**TASK STATEMENT**: Set the data below down again, exactly, with every picture left out.

**INPUT DATA**:
━━━
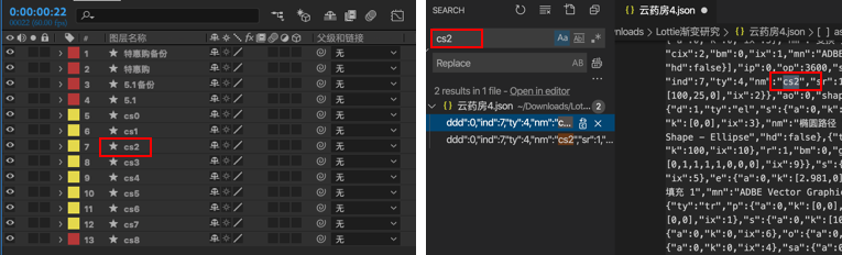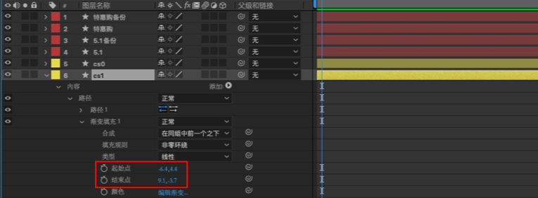 1、在sketch/ps 里制作好带有渐变效果的的设计图,在AE中完成动画的制作后,这里注意最好对图层进行下命名方便后面修改参数的时候进行查找。我这里命名是:cs1/cs2/cs3…
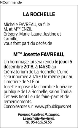 Décédée à La Rochelle (17000, France) le jeudi 29 novembre 2018 à l'âge de 91 ans
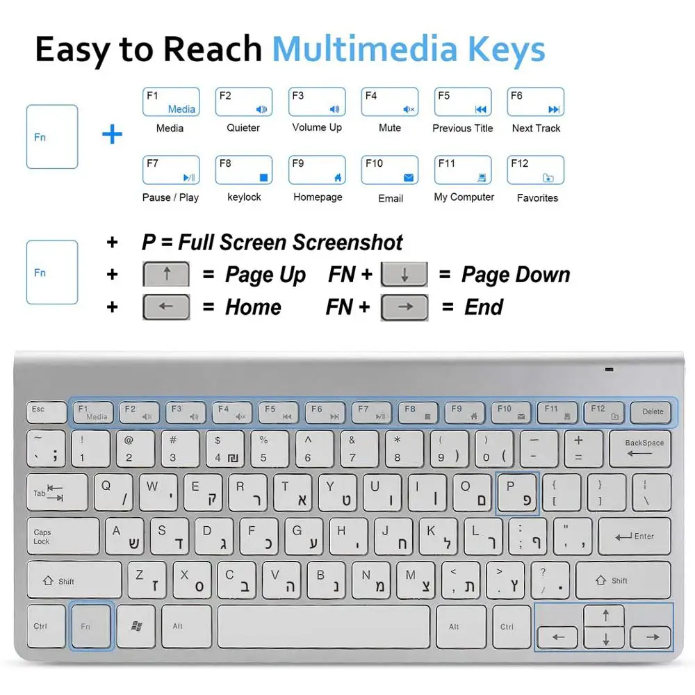 Беспроводная клавиатура lsrael, ультратонкая, 2,4 ГГц, иврит, компактный размер, низкий уровень шума, для ноутбуков, настольных ПК, Windows, Android box
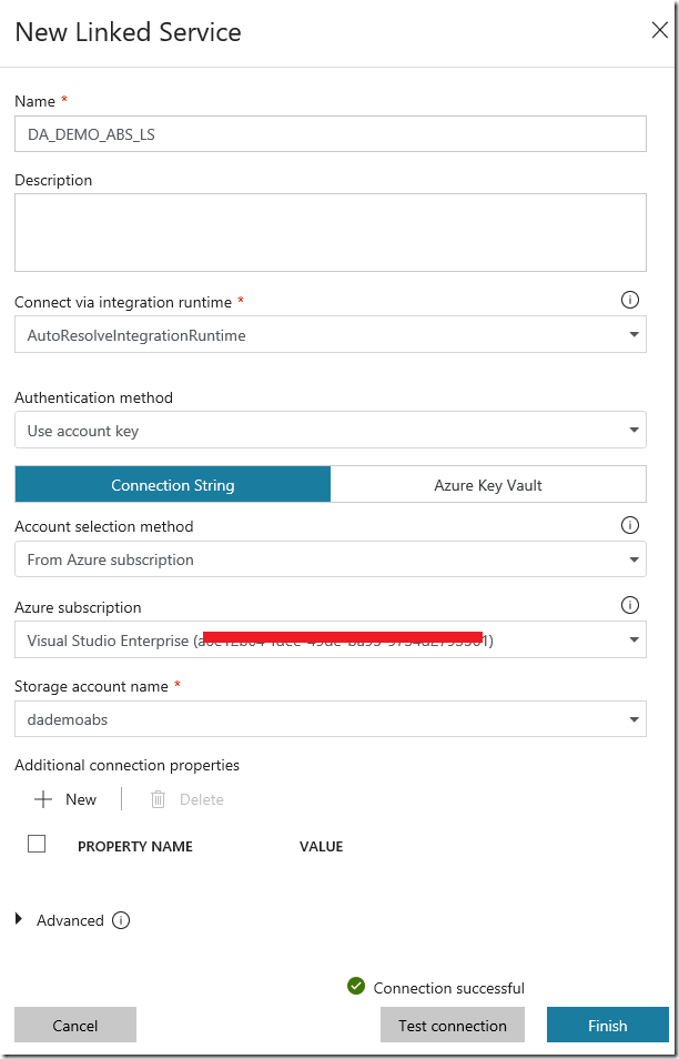 The following screenshot shows my settings for the linked service to Azure Blob Storage.
━━━
**WRITTEN RESPONSE**:
 1、在sketch/ps 里制作好带有渐变效果的的设计图,在AE中完成动画的制作后,这里注意最好对图层进行下命名方便后面修改参数的时候进行查找。我这里命名是:cs1/cs2/cs3…
 Décédée à La Rochelle (17000, France) le jeudi 29 novembre 2018 à l'âge de 91 ans
 Беспроводная клавиатура lsrael, ультратонкая, 2,4 ГГц, иврит, компактный размер, низкий уровень шума, для ноутбуков, настольных ПК, Windows, Android box
 The following screenshot shows my settings for the linked service to Azure Blob Storage.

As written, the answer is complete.